USB (Universal Serial Bus) is a standard method for connecting devices and data transfer.
It is a well known fact that sometimes USB devices infect your computer with deadly viruses. Good thing is that now most people know about it, and use an anti-virus software to detect the malware and viruses hidden inside a USB along with data.
But what if the malware is embedded inside the firmware of USB? obviously no antivirus program has the ability to scan the “chip” of a USB drive. So it means that a manipulated USB can infect your computer, without your knowledge; making it a greater security risk than previously believed.
At the Black Hat Hackers conference in Las Vegas, researchers from the Berlin data security company “Security Research Labs” have demonstrated that how easy it is to remotely control a computer with the help of a USB device, and the horror scenario is that the user will never know about this.
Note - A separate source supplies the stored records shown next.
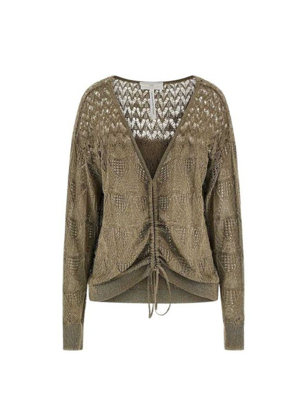 Guess Clarissa pleteni ženski zeleni pulover sa podesivim vezicama naprijed
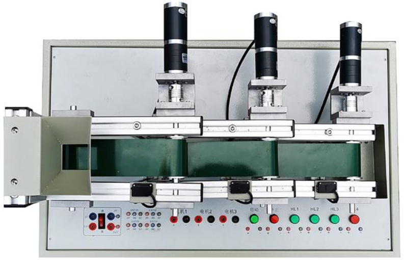 LGPFZC-1自動(dòng)送料裝車實(shí)訓(xùn)模型系統(tǒng)是用于物料輸送的流水線設(shè)備,主要是用于煤粉、細(xì)砂等材料的運(yùn)輸。本實(shí)訓(xùn)模型通過(guò)三臺(tái)電機(jī),三個(gè)傳送帶、料斗、小車模擬車斗)的配合,有效地完成物料的運(yùn)送、故障停止等功能。三臺(tái)電機(jī)控制三節(jié)傳送帶運(yùn)輸,電磁鐵YA控制料斗下料與否,傳感器ac檢2測(cè)運(yùn)料小車空滿;K1、K2、K3分別為電機(jī)M1,M2、M3故障設(shè)置開(kāi)關(guān)。
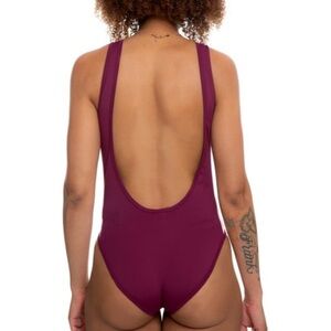 Kappa women’s Banda auber bodysuit in a dark pink/purple color. Size small.
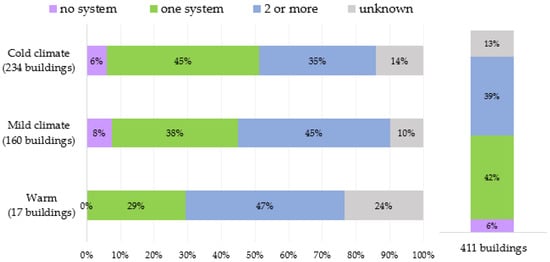 From the results of the analysis, it can be noticed that mechanical ventilation is a recurrent technical solution in new and renovated nZEBs (share of 89%), as shown in Figure 13. This technology is used without any relevant difference in warm, mild and cold climates. Only in 11% of the selected nZEBs, the data information was not declared or not defined during the data collection, for this reason in these cases the results are defined as “unknown”.

The malware is hidden inside the firmware of device. The firmware contains the information about the function of a USB. It tells the computer that if the USB plugged in by the user is a storage device, keyboard, camera, network card or a mobile phone etc.
So if the firmware of a USB has been manipulated it can fool the computer system to think of itself as a keyboard and log all the keystrokes, including your passwords and personal information. In another scenario, it can disguise itself as a network card and copy all your data traffic and send it to hackers without your notice.
Both of these scenarios were demoed at the Black Hat Hackers conference and there is a significant number of manipulation options which makes things so horrible.
The security experts have demanded to upgrade the USB standard with additional capabilities for security. Unfortunately, at present there is no way to protect yourself against this kind of data theft, other than stop using all kind of USB devices.